(Collected data)
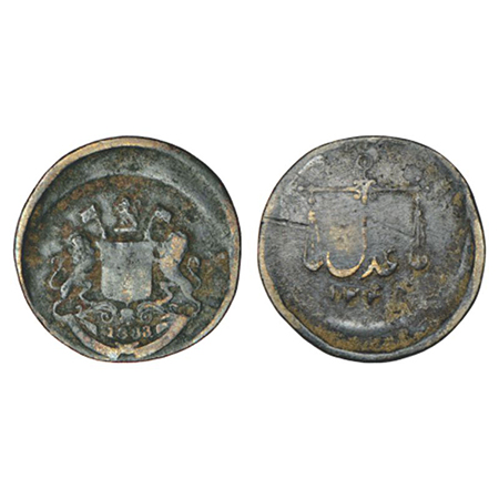 Bombay Presidency, Bombay mint, error copper pie, AD 1833/AH 1248, Stevens EIC 5.39/5.41; PR 222/224, 1.99g. Obv: East India Company coat of arms. Rev: Scales and Persian 'Adil', AH date below.
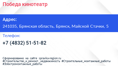 Победа, кинотеатр по адресу 241035, Брянская область, Брянск, Майской Стачки, 5 в дальнейшем Организация, размещена в следующих категориях:
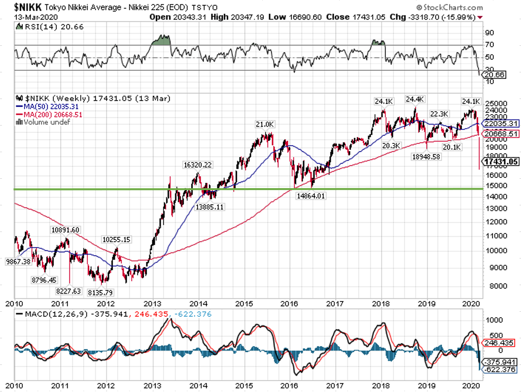 日経平均の10年チャートです。直近の高値から29.5%安と、2016年の下落率29.2%安を上回り、金融危機以降最大の下げ幅を記録しています。
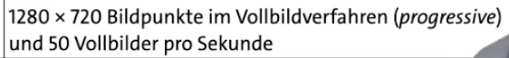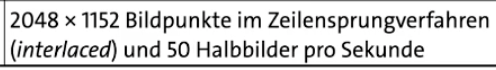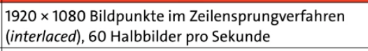 - bspw. statt 25 Vollbilder pro Sekunde, 50 Halbbilder pro Sekunde
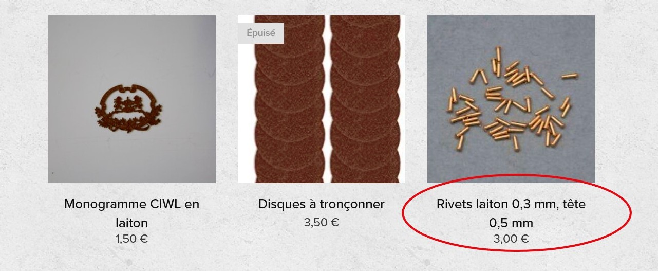 Indiquer les quantités serait un plus (pas que pour les rivets) ; le prix c'est bien mais pour combien d'exemplaires c'est mieux.

[Exercise description]: Please write out all the data word for word, but keep every picture out.

[Finished task]:
 Bombay Presidency, Bombay mint, error copper pie, AD 1833/AH 1248, Stevens EIC 5.39/5.41; PR 222/224, 1.99g. Obv: East India Company coat of arms. Rev: Scales and Persian 'Adil', AH date below.
 Победа, кинотеатр по адресу 241035, Брянская область, Брянск, Майской Стачки, 5 в дальнейшем Организация, размещена в следующих категориях:
 日経平均の10年チャートです。直近の高値から29.5%安と、2016年の下落率29.2%安を上回り、金融危機以降最大の下げ幅を記録しています。
 - bspw. statt 25 Vollbilder pro Sekunde, 50 Halbbilder pro Sekunde
 Indiquer les quantités serait un plus (pas que pour les rivets) ; le prix c'est bien mais pour combien d'exemplaires c'est mieux.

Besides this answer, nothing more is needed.